The government of Sultan Qaboos bin Said, a U.S. ally who has ruled once-tranquil Oman for 40 years, promised the spending package following nearly two months of protests inspired by rolling Arab revolts against autocratic rule.

"Oman will spend 1 billion rials to satisfy the demands of the protesters and also for a state grant for its people," a statement from the sultan's office read on television said.

Protests in Oman have been relatively small compared to those in other Arab countries, with dozens of protesters camping out in tents near the country's quasi-parliament, the Shura Council, in the capital Muscat.

Protests have also broken out elsewhere, and up to seven people were killed in the industrial hub of Sohar, doctors said. The government said only two had died.

The demonstrations in Oman have focused on demands for better wages, jobs and an end to graft. Many protesters have demanded the state prosecute sacked ministers for corruption.

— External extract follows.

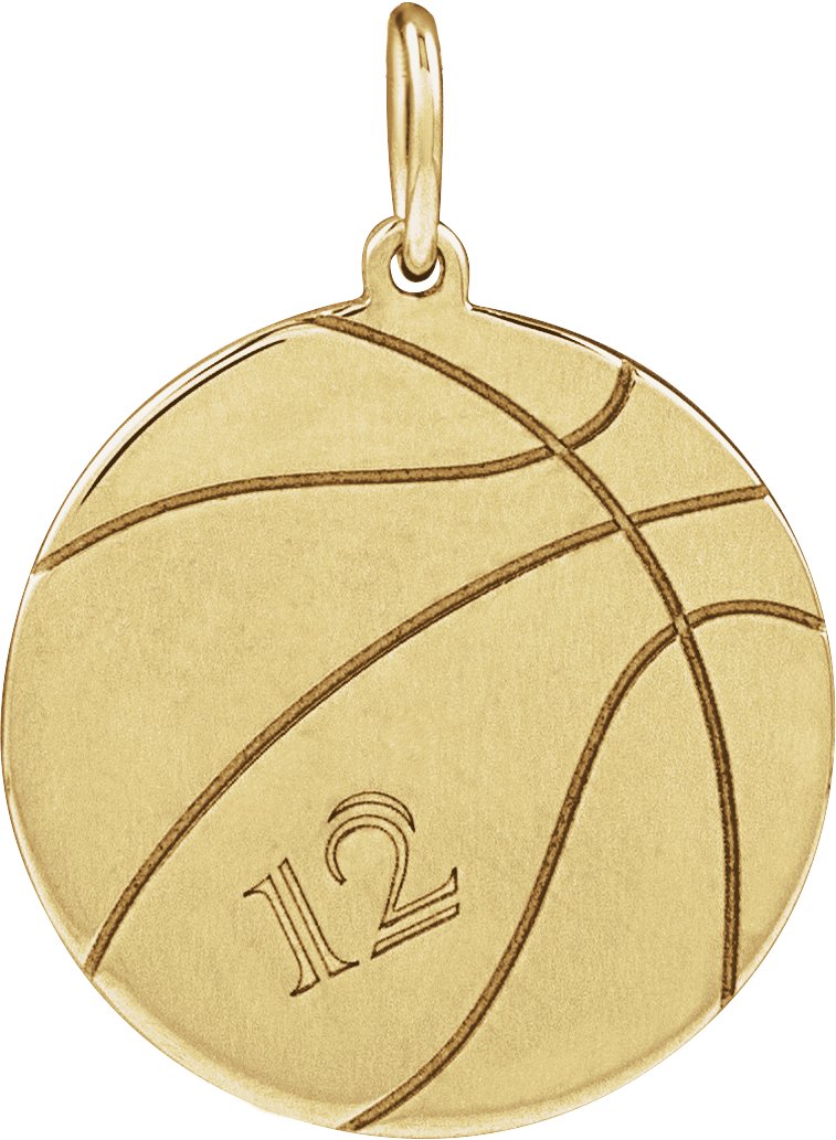 14K Yellow Engravable Basketball Pendant

The sultan's office statement did not specify how the money would be spent, nor its source.

Gulf Arab oil producers, keen to prevent popular uprisings from taking hold in their region, launched a $20 billion aid package for protest-hit Bahrain and Oman last month.

That job-generating measure, which will give $10 billion to each country to upgrade their housing and infrastructure over 10 years, was more than had been expected.

Sultan Qaboos has already embarked on a series of changes, including sacking 12 ministers, introducing a monthly allowance for the jobless and pay rises for civil servants.

He promised in March to cede some legislative powers to the partially-elected Oman Council, an advisory body. At present, only the sultan and his cabinet can legislate and a transfer of powers has yet to be announced.